_ASSIGNMENT_.
Under this line are the records; repeat exactly the lines starting at the one containing "АлфаВит Классик 120" and ending at the one containing "Publika.az xəbər verir", omitting pictures.

_RECORDS TO PROCESS_.

===============

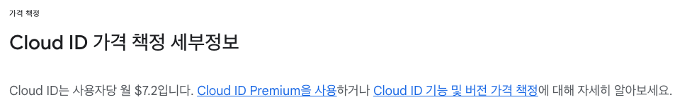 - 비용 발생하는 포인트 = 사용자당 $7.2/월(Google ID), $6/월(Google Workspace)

===============

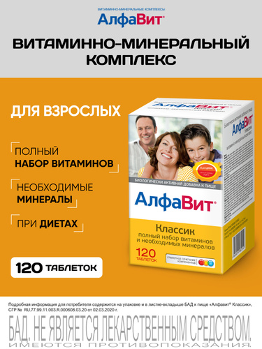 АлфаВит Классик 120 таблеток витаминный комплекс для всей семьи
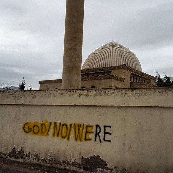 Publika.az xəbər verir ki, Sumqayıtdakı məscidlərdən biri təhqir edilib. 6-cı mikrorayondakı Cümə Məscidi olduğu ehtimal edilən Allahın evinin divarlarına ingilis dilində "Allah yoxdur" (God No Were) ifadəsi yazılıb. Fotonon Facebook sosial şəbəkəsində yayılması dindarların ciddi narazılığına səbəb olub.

===============

_SOLUTION TO THIS TASK_.
 АлфаВит Классик 120 таблеток витаминный комплекс для всей семьи
 Publika.az xəbər verir ki, Sumqayıtdakı məscidlərdən biri təhqir edilib. 6-cı mikrorayondakı Cümə Məscidi olduğu ehtimal edilən Allahın evinin divarlarına ingilis dilində "Allah yoxdur" (God No Were) ifadəsi yazılıb. Fotonon Facebook sosial şəbəkəsində yayılması dindarların ciddi narazılığına səbəb olub.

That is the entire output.